Back when governors took themselves less seriously than they do now, they put the whole conference aboard the S.S. Independence in 1967 and sailed it from New York to the Virgin Islands and back. In 1975, when Louisiana's Edwin Edwards hosted the conference in New Orleans, the oil and gas industry,
on the last night, loaded up several fake paddle-wheel steamboats with more clams and oysters and booze than I've ever seen -- and people got seriously wasted.
This year was no match for that, but for four hours on Saturday, in the new home of the Philadelphia Orchestra, historian Richard Norton Smith and journalist Cokie Roberts led the governors in a discussion that was the best I've ever heard from them.
I like listening to governors because they live in the real world. They are close to their constituents and, unlike members of Congress, they have to balance their budgets and make hard choices. They have less time or tolerance for political games. All of that -- and more -- was on display in Saturday's dialogue.

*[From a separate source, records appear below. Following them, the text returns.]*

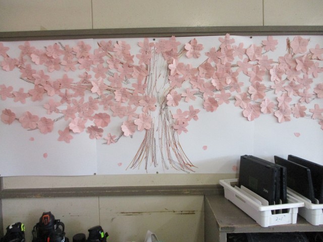 6年生の教室の後ろに桜の掲示物がありました。
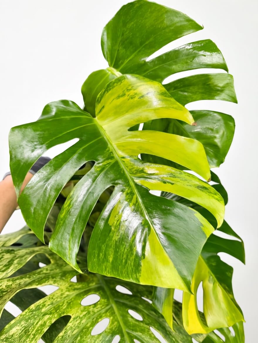 モンステラ・ボルギシアナの中でも、鮮烈なイエローの斑が入る非常に希少価値の高い「オーレア(黄斑入り)」のカット苗です。 ホワイト系の斑入り(アルボ)に比べ、黄色い斑はより華やかで温かみがあり、お部屋を一気に明るくエキゾチックな空間へと変えてくれます。
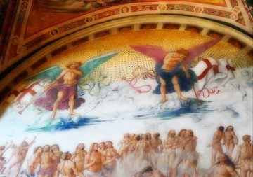 Though unable to get any closer than where I was standing, feet firmly on the ground, still I could understand what she meant. Angelico’s paintings exude a peaceful tranquility in what is an otherwise pretty disturbing space. With Christ depicted as Judge in the Byzantine fashion, he is seated on a cloud and crowned with a nimbus halo.
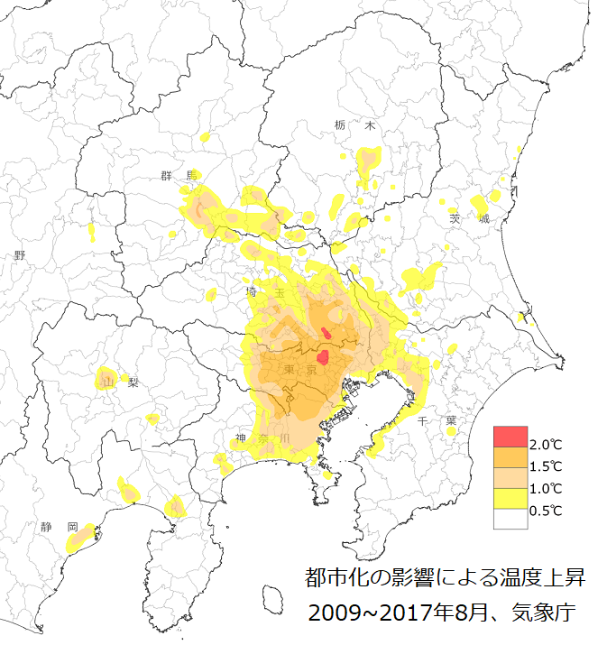 気象庁が、都市化による温度上昇を算出したものです。 2009年から2017年にかけての9年間について、 まずは、コンピューターで8月の毎日の気温を 実際の観測値に合うように再現しました。 つぎに、地表面状態や排熱量を都市化する前の状態に 設定して再計算しました。 二つの結果を比較することで、 温度上昇のうち都市化の部分を地図化したものです。 都市化の影響が最も強く出ているのは、 中野区・練馬区・戸田市・さいたま市あたりです。 横浜など東京湾岸は、海の気候緩和作用の恩恵もあって、 温度上昇はいくぶん抑えられているようにも見えます。 地図にマウスを重ねると人口集中地区(2015年国勢調査)が表示されます。 大局的にみれば、人口の集中している地域で、 温度上昇が顕著となっているようです。 |
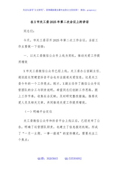 / 在X市关工委2025年第二次会议上的讲话

It began on a high note when Smith asked them to reflect on the concept of states' rights. Linwood Holton of Virginia, who a generation ago sent his young children to what had been an all-black school in Richmond, said, "For 100 years, states' rights was used as a shield against the Constitution -- a code word for white supremacy. When I was governor, I had the opportunity to say, after all these years, Virginia is part of this Republic. And, with Doug Wilder, we became the first state to elect an African American governor."